Defending Jacob ★★★★
Delacorte Press, 2012
I’m trying to put my finger on what makes Defending Jacob such a compulsive read. Landay clearly has a killer storytelling instinct. The pacing of this novel is near perfect. He drops just enough clues, teases with just enough foreshadowing to keep the reader completely engrossed at all times. I started listening to this as an audiobook and finished it in print, not being able to turn the pages fast enough.

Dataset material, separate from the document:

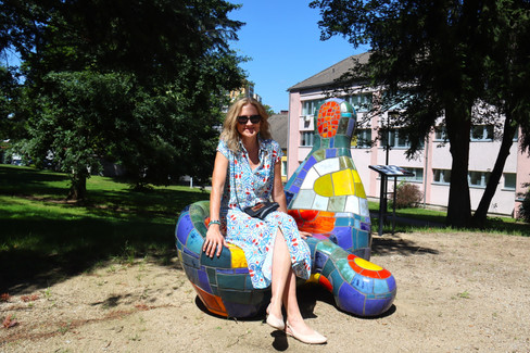 I am honored to announce that my colorful sculpture titled "Seated Figure" now adorns the space by the library in Chodov. I created this piece on the request of the city council to celebrate the 130th anniversary of Chodov being elevated to a town.

Defending Jacob is not a unique plot by any stretch. In fact, when I first heard about this book I couldn’t help but think of the movie Before and After starring Meryl Streep and Liam Neeson, where their teen son Jacob (yep, he’s Jacob too) is accused of murdering his girlfriend and it tears the family apart.
This book is much better than that movie though. Defending Jacob does a great job at looking at issues of guilt, innocence and culpability. It dissects the shortcomings of the legal system and the theatrics of courtroom proceedings without getting all preachy and legal mumbo-jumbo about it. It cuts to the heart of family dynamics and the parent-child relationship, poking at the difficult questions — how far would you go to protect your child if they were innocent? guilty?
And there’s the rub — fourteen year old Jacob is standing trial for murder and we don’t know if he’s been falsely accused or not. There are things that point to his innocence, but also actions that point to his guilt. Even though it is a much denser read and told using a very different narrative voice, We Need to Talk About Kevin explores some of the same terrain of mental pathology and the genetic and external factors that combine to result in antisocial behaviors. For anyone who isn’t sick of arguing the nature/nurture debate, Defending Jacob raises some interesting questions concerning the existence of a “murder gene” and whether violence can be passed down through the generations like eye color.
I liked that this book kept me guessing right up to the end. I loved that when it seemed to be wrapping up, there was one more sharp swerve to the left to come.